VNI_out = ((VNI_in >> 4) << 4) || 1

This transformation sets the bottom four bits of the VNI to 0x0001. Therefore, the result is that any VNI received by RouterOS will be rounded down to the nearest multiple of 16 plus one. So, VNIs like 1, 17, 33, 10001, etc., will be reflected correctly (testing confirms this). Any other VNIs, where the relation VNI mod 16 = 1 does not hold, are corrupted by the route reflector.

I had hoped that MikroTik would be able to resolve this quickly, but seeing as I have not received a reply, I'm posting it here in case anyone else is in need of the workaround. Note I am aware that RouterOS does not implement L3 EVPN data-plane features, and this is 100% acceptable (my leaves are not MIkroTik devices). However, I feel that it should at least faithfully work as a route reflector, and at an absolute minimum should drop unsupported routes, ideally with a warning, rather than silently corrupting them.

nice find!, that n*16+1 workaround seems to be working fine.
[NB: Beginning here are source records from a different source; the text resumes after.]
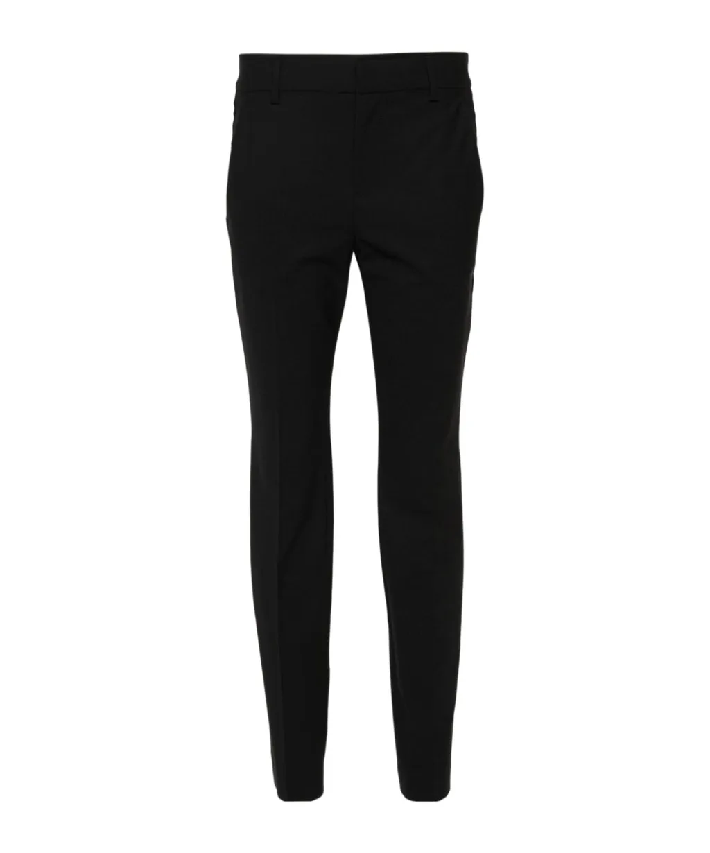 Trousers with belt loops, a pressed crease, two diagonal pockets on both sides, two rear welt pockets, and front invisible buttons, hook buckles, and zipper.
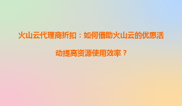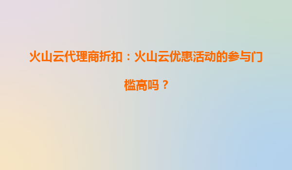 2025-08-27火山云代理商折扣:精准覆盖多类用户群体的优质选择 一、火山云代理商折扣活动概览 火山云作为领先的云计算服务提供商,近期推出的代理商折扣活动旨在通过优惠...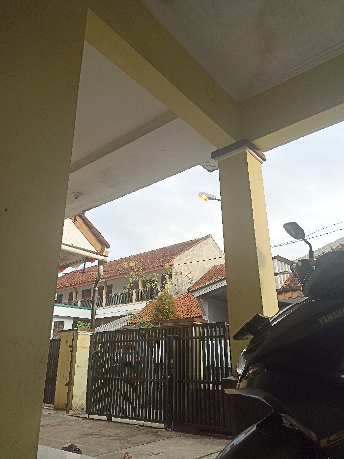 view from under a porch, looking out towards a black motorcycle, a metal gate, and a residential building. The porch is covered by a yellow ceiling. The motorcycle is a Yamaha, with its front wheel and handlebars visible. The gate is black metal, with vertical bars. Behind the gate is a building with brown tiled roof, surrounded by lush greenery. The building has multiple floors and a balcony. The sky is visible through the roof and the porch. A street light is on in the background. The image was taken in the city of Tasikmalaya, Indonesia, at the coordinates -7.358 latitude and 108.25 longitude.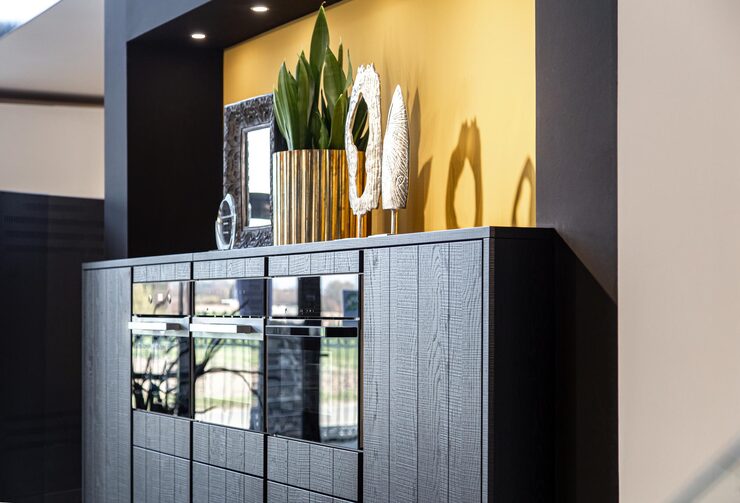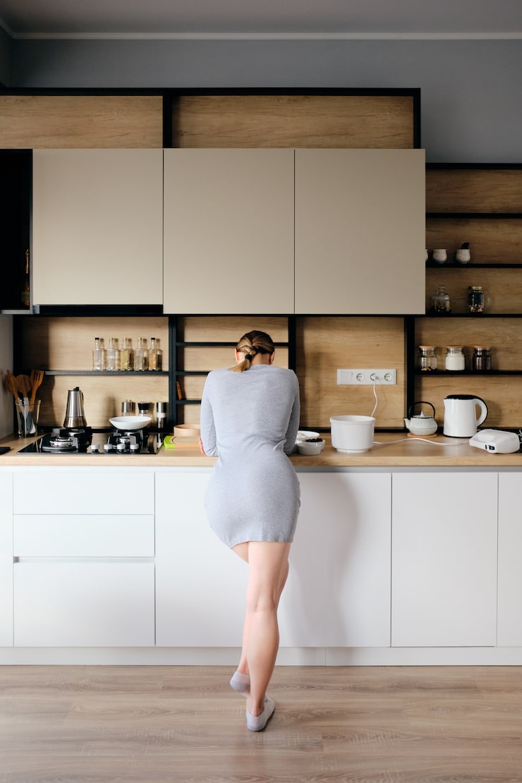 В настоящее время одноцветные и сдержанные кухонные фасады теряют свою актуальность. Верхние и нижние секции кухонного гарнитура должны различаться, если не по цвету, то хотя бы по текстуре поверхности. Также наблюдается повышенный интерес к различным оттенкам синего и натуральным древесным тонам.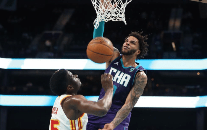 24直播网讯今天NBA常规赛结束了一场早场比赛,黄蜂遗憾的以101-105不敌老鹰,虽然输球,但黄蜂球员布里奇斯也有不俗的发挥,他全场贡献23分7板2助的数据,其中隔扣卡佩拉更是点燃了所有人的激情。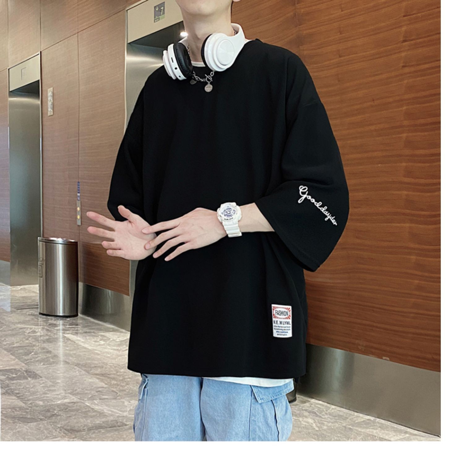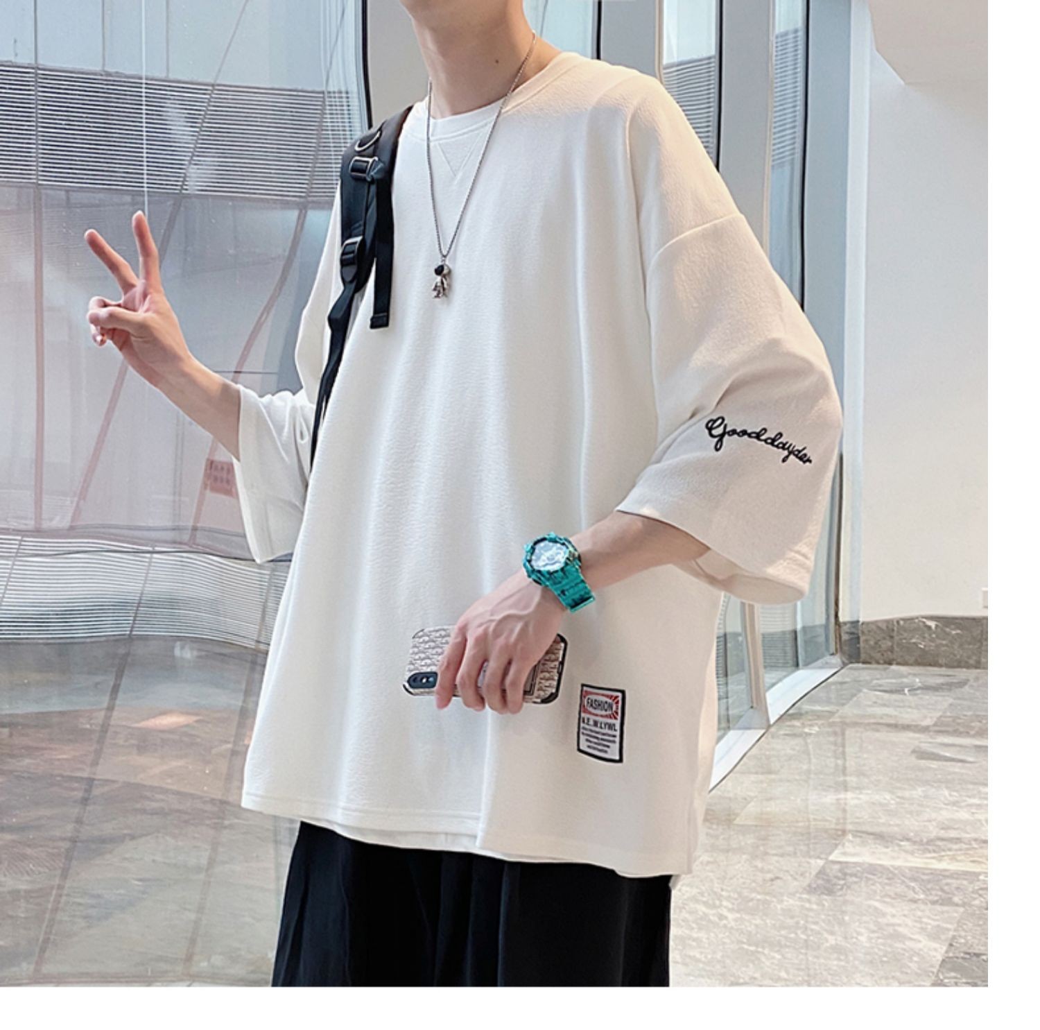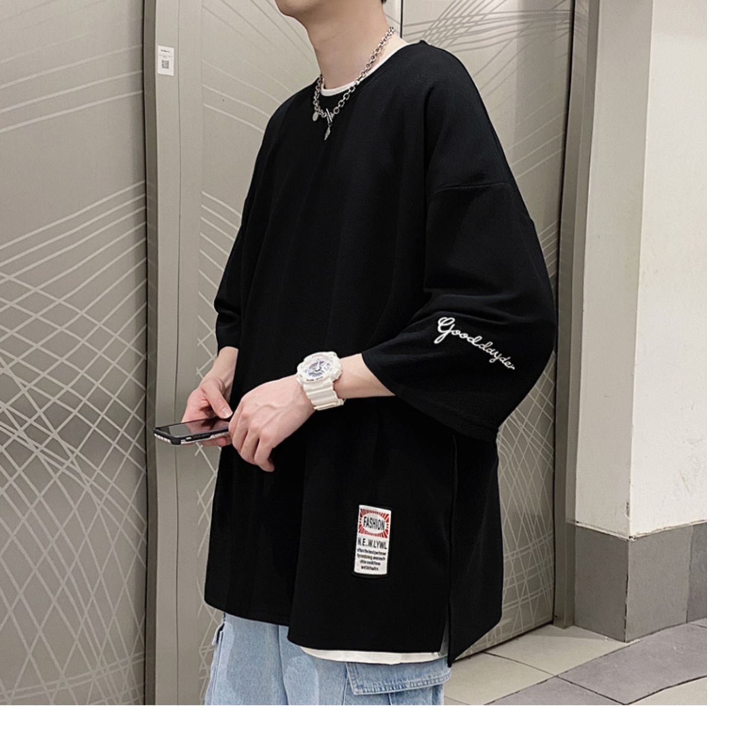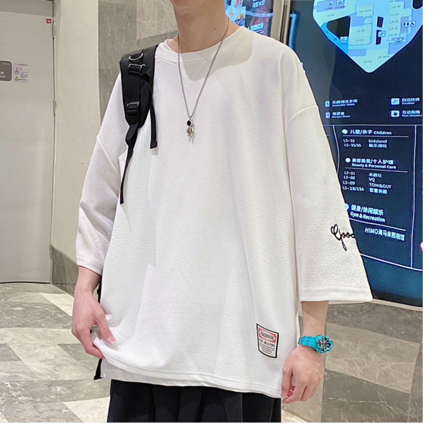 Kaus pria Lengan tiga perempat, kaus pria lengan pendek, pakaian sutra es, lengan pendek, ukuran plus, longgar, trendi, merek mode musim panas, kaus lengan pendek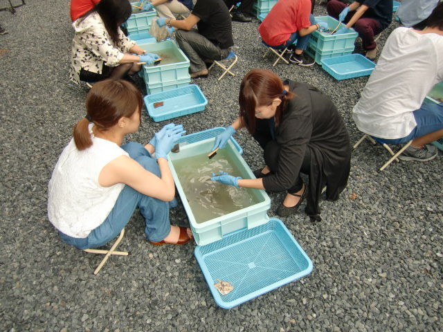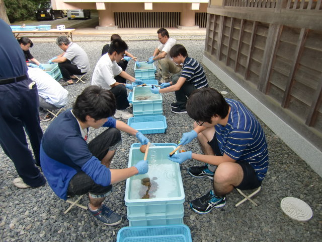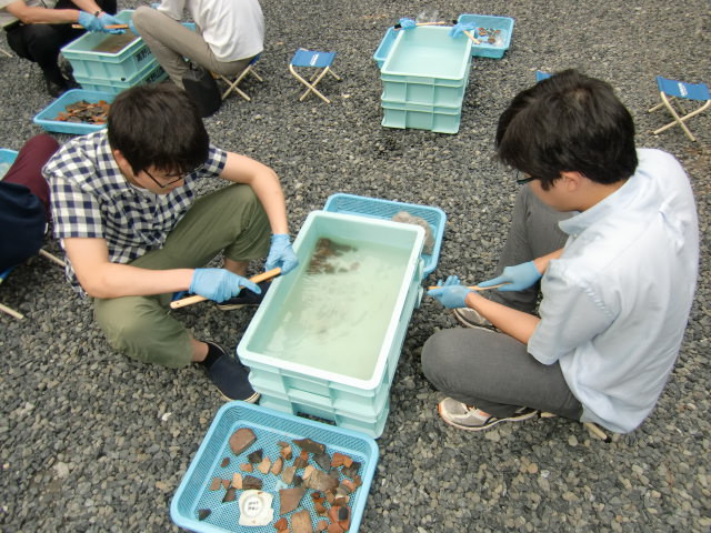 発掘された出土品を2人1組になってきれいに水で汚れをおとし、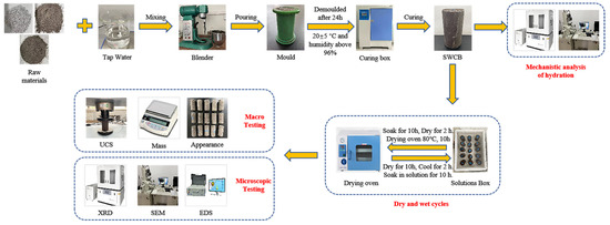 The changes in appearance, UCS and mass of the specimens were observed after different cycles, and statistical comparisons were recorded. The mass change considered was the mass loss rate ΔmTi (%), which was calculated with Equation (1): the difference between the mass m0i of the ith specimen in the initial state and the mass mTi after the Tth cycle was recorded as the mass loss of the ith specimen. The ratio of the mass loss (ΔmTi) to the initial mass (m0i) was the mass loss rate. When the cumulative mass loss due to dry–wet cycles was <2%, it was taken to reflect the resistance of the SWCPB to dry–wet cycles [25].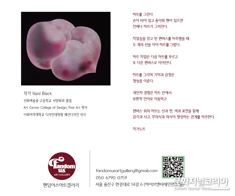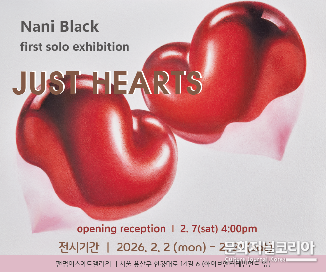 문화저널코리아 오형석 기자 |2월은 발렌타인데이가 있는 사랑의 달이다. 하트는 이 계절을 상징하는 가장 익숙한 이미지다. 그러나 팬덤어스 아트갤러리(대표 정주연)에서 열리고 있는 Nani Black의 첫 개인전 'JUST HEARTS'에서 만나는 하트는 가볍지 않다. 그것은 장식적 기호가 아니라, 한 개인이 삶을 통과하며 얻은 감정과 기억, 그리고 결단의 흔적에 가깝다.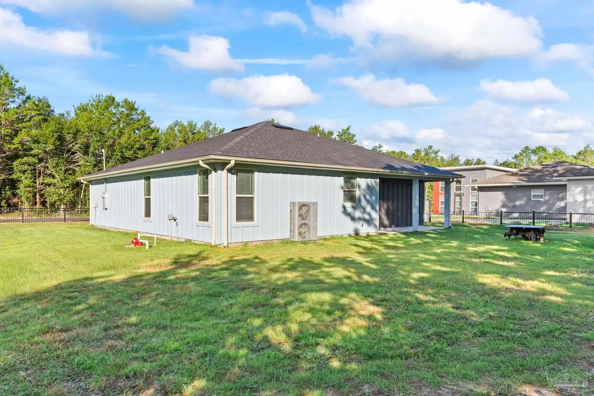 Built in 2025, this beautifully designed 4-bedroom, 2-bath home offers modern luxury and energy efficiency in one of Florida's most desirable coastal communities. The open-concept layout showcases LVP flooring paired with granite countertops. The interiors reflect a contemporary style that is both elegant and low maintenance. The gourmet-inspired kitchen flows seamlessly into spacious living areas, perfect for entertaining, while abundant natural light enhances the inviting atmosphere. This residence is equipped with a high-efficiency GREE Inverter Split Type Air Conditioner Heat Pump, ensuring year-round comfort and reduced utility costs. Durable Hardi-Plank siding adds timeless curb appeal, and the fully insulated garage with insulated garage door provides both functionality and energy savings. Peace of mind comes standard with a 10-year structural warranty and a 1-year home warranty, making this property truly move-in ready. The location offers convenient access to pristine Gulf beaches, the bay, scenic parks, shopping, dining, and world-class fishing. Golf enthusiasts will appreciate nearby courses offering championship-level play and beautiful coastal views. Military bases are also within close proximity, adding to the convenience of this prime location. Whether seeking a brand-new build with modern finishes or relocating to enjoy Florida's coastal lifestyle, this home delivers the perfect combination of luxury, efficiency, and location. With its warranties, stylish design, and access to beaches, golf, and everyday amenities, this property represents a rare opportunity to own a one-of-a-kind treasure in Navarre.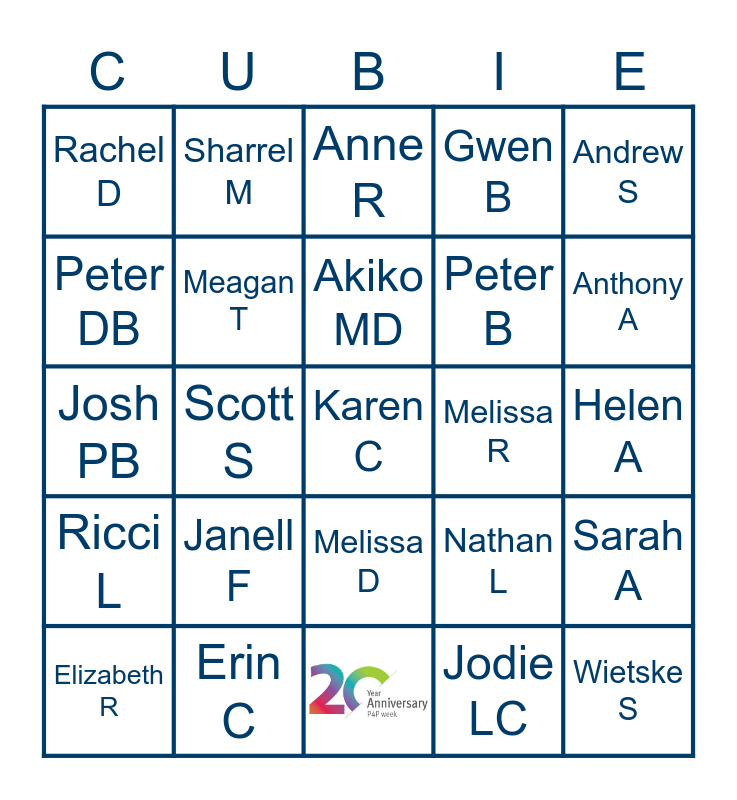 This bingo card has 1 images and 30 words: Graeme H, Scott S, Anthony R, Rachel D, Anne R, Meagan T, Nathan L, Melissa R, Jodie LC, Helen A, Karen C, Wietske S, Pamela W, Anthony A, Ann O, Sarah A, Janell F, Ricci L, Melissa D, Andrew S, Daniel J, Elizabeth R, Sharrel M, Peter B, Peter DB, Gwen B, Josh PB, Erin C, Akiko MD and Laria V.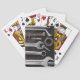 Playing cards with photograph of mechanic's tools (nut wrenches, nuts, and bolts) on top of a reflective carbon fibre surface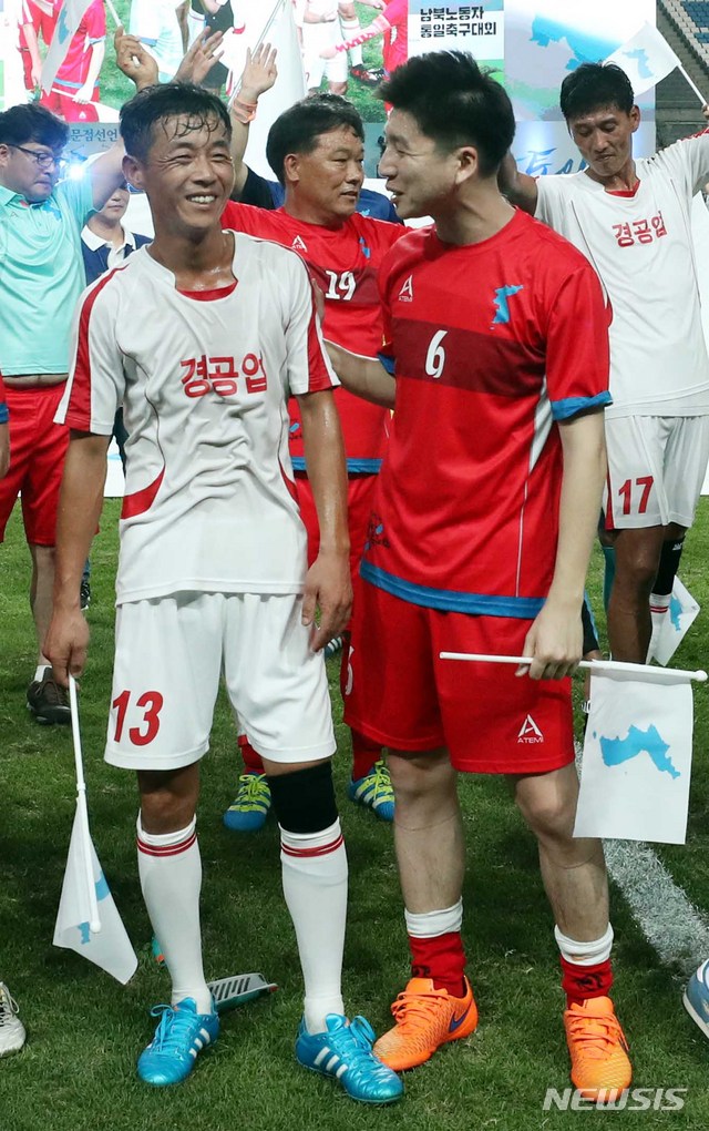 【서울=뉴시스】조성봉 기자 = 11일 오후 서울 마포구 상암 월드컵경기장에서 열린 남북노동자통일축구대회에서 조선직총 경공업팀 박승혁(왼쪽)선수와 민주노총 김정록 선수가 이야기를 나누고 있다.  2018.08.11.
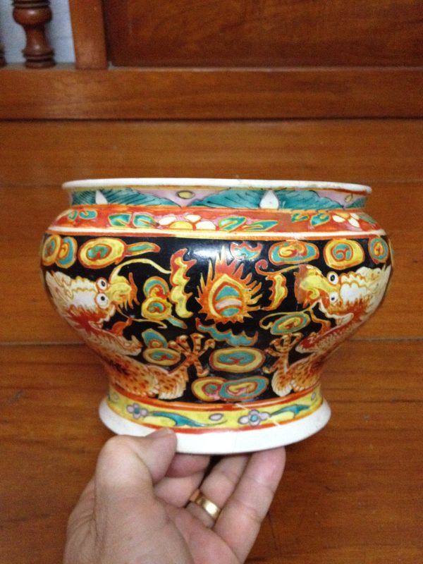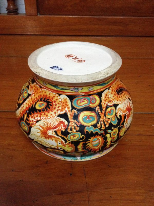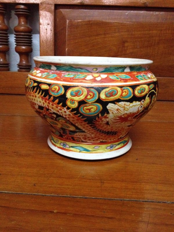 กระโถนกังใสไข่ปอกสมัยรัตนโกสินทร์ตอนต้นเก่ามาก ลายมังกรสองตัวเล่นไฟ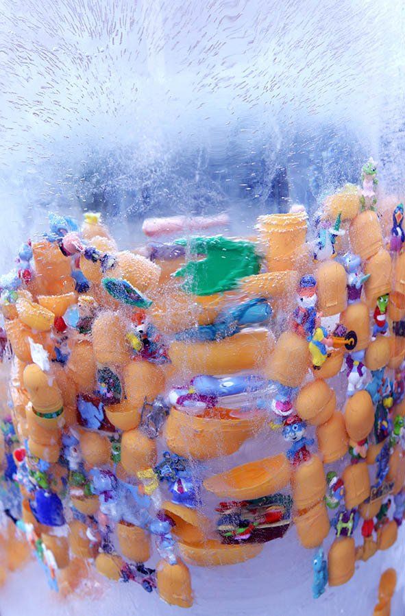 En el proceso de 10 talleres, se crearon 50 "cubos de basura de hielo" como esculturas de hielo. En las esculturas, la “basura” se congela con la ayuda de agua (ver imágenes, por ejemplo: bolígrafos, pelotas, vasos, plantas, camisetas...).

Glad it could help you out, and good to know others are experimenting with EVPN on MikroTik. I'll keep you posted if I hear anything back from support, but so far, still nothing since I sent this a week ago:

Hello,

Could you please let me know:

  1. If you have been able to reproduce this bug
  2. If the root cause I proposed is correct
  3. If the bug is in-scope for being fixed
  4. (Very approximately) how long before a fix is worked on, from a prioritization perspective? Am I looking at weeks, months, or years?

If this bug is not in-scope or likely to be fixed in the near future, I can plan to use external devices as route reflectors instead, although this does introduce additional points of failure. I would appreciate some communications so that I can plan what to do going forward.

btw did you manage to make bgp unnumbered work with evpn?

I haven't tried BGP unnumbered, I'm doing iBGP between loopbacks with OSPF underlay. I remember briefly looking into using either unnumbered OSPF or OSPFv3 with IPv6 link-locals to distribute IPv4s, but couldnt (quickly) get that working. I don't remember if that was an issue with RouterOS or FRR though.

This will be fixed in v7.24beta